Again, this is bad notation to have the same index appear more than twice in a single expression (when it appears once, it's a free index. When it appears twice, it is a dummy index. When it appears more than twice it is just confusing)....try summing over $j$ instead...

16. Oct 31, 2009

### Bill Foster

$$\prod_{m\ne n}\frac{A-a_m}{a_n-a_m}|\alpha\rangle$$
$$=\prod_{m\ne n}\frac{A-a_m}{a_n-a_m}\sum_{j}\langle a_j|\alpha\rangle | a_j\rangle$$
$$=\sum_{j}\prod_{m\ne n}\frac{A-a_m}{a_n-a_m}\langle a_j|\alpha\rangle | a_j\rangle$$
$$=\sum_{j}\prod_{m\ne n}\frac{\langle a_j|\alpha\rangle A| a_j\rangle-\langle a_j|\alpha\rangle a_m| a_j\rangle}{a_n-a_m}$$
$$=\sum_{j}\prod_{m\ne n}\frac{\langle a_j|\alpha\rangle a_j| a_j\rangle-\langle a_j|\alpha\rangle a_m| a_j\rangle}{a_n-a_m}$$
$$=\sum_{j}\prod_{m\ne n}\frac{ a_j| a_j\rangle- a_m| a_j\rangle}{a_n-a_m}\langle a_j|\alpha\rangle$$
$$=\sum_{j}\prod_{m\ne n}\frac{ a_j - a_m}{a_n-a_m}|a_j\rangle \langle a_j|\alpha\rangle$$

It has to be summed over n so this term will cancel out:

$$\frac{ a_j - a_m}{a_n-a_m}$$

...unless you know of another way to get rid of it, the product, and the sum.

17. Oct 31, 2009

### gabbagabbahey

You can't do this step; for the same reason that $(A-a_1)(A-a_2)|\alpha\rangle\neq (A|\alpha\rangle-a_1|\alpha\rangle)(A|\alpha\rangle-a_2|\alpha\rangle)$

You can, however use the commutativity relation you used in part (a) to say

$$\prod_{m\ne n}\frac{A-a_m}{a_n-a_m}=\left{\begin{array}{lr}\left(\prod_{m\ne n,j}\frac{A-a_m}{a_n-a_m}\right)\frac{A-a_j}{a_n-a_j} & ,j\neq m \\ \prod_{m\ne n,j}\frac{A-a_m}{a_n-a_m} &,j = m\end{array}$$

Do you see why?

Last edited: Oct 31, 2009
18. Oct 31, 2009

### Redbelly98

Staff Emeritus
In the product over m≠n, one of the factors will have m=j (except when j is n). That may help simplify things here.

19. Oct 31, 2009

### Bill Foster

Yes. All terms will be zero except for the one where $$j=n$$.
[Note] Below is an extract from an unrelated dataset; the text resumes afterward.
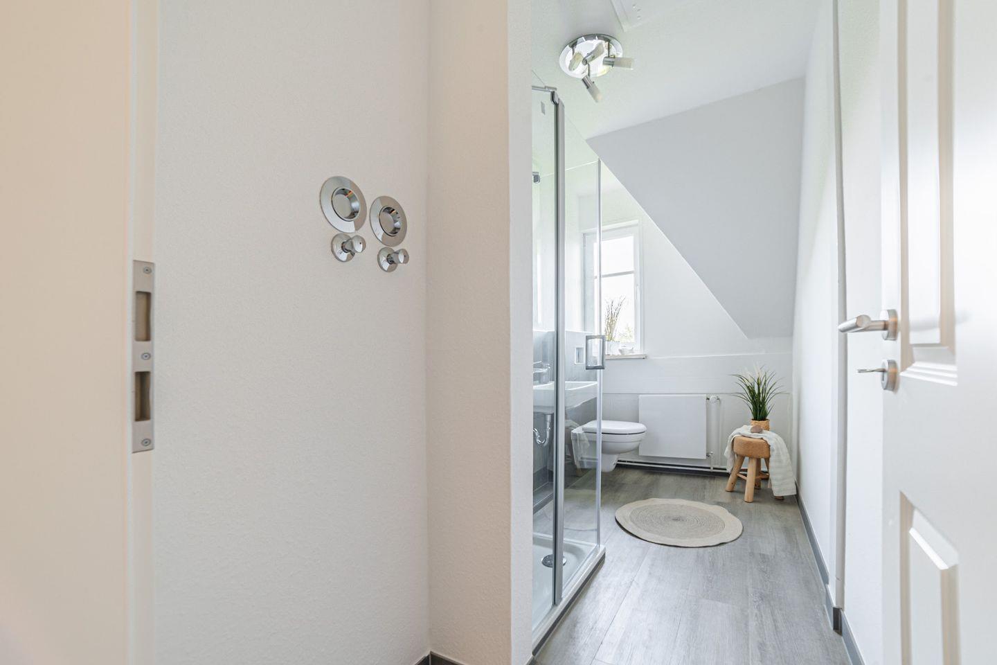 Das moderne Badezimmer ist mit einer bodengleichen Dusche, WC, Waschbecken, Spiegel, Kosmetikspiegel sowie einem Ganzkörperspiegel ausgestattet. Handtücher, Badetücher sowie Pflegeutensilien wie Seife und Shampoo werden als Erstausstattung bereitgestellt. Für Ihren Komfort stehen ein Haartrockner sowie ein Staubsauger zur Verfügung. Die gemeinsame Waschmaschinennutzung im Haus ermöglicht es Ihnen, auch längere Aufenthalte angenehm zu gestalten.
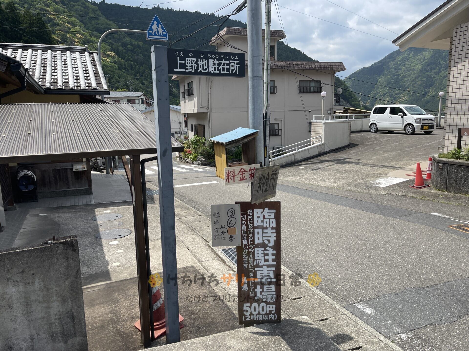 まずは観光する為にマイペンライ号を駐車場に停めるよ。 この辺りは有料の駐車場しか無くて、駐車料金は1回500円。

That will leave me with the following:

$$\prod_{m\ne n}\frac{A-a_m}{a_n-a_m}\langle a_n|\alpha\rangle | a_n\rangle$$

which I can write as:

$$= \prod_{m\ne n}\frac{A-a_m}{a_n-a_m}| a_n\rangle\langle a_n|\alpha\rangle$$

Which is a problem because I still have this factor that I somehow need to get rid of:

$$\prod_{m\ne n}\frac{A-a_m}{a_n-a_m}$$

20. Oct 31, 2009

### gabbagabbahey

Well, what is $(A-a_m)|a_n\rangle$ for arbitrary $m$?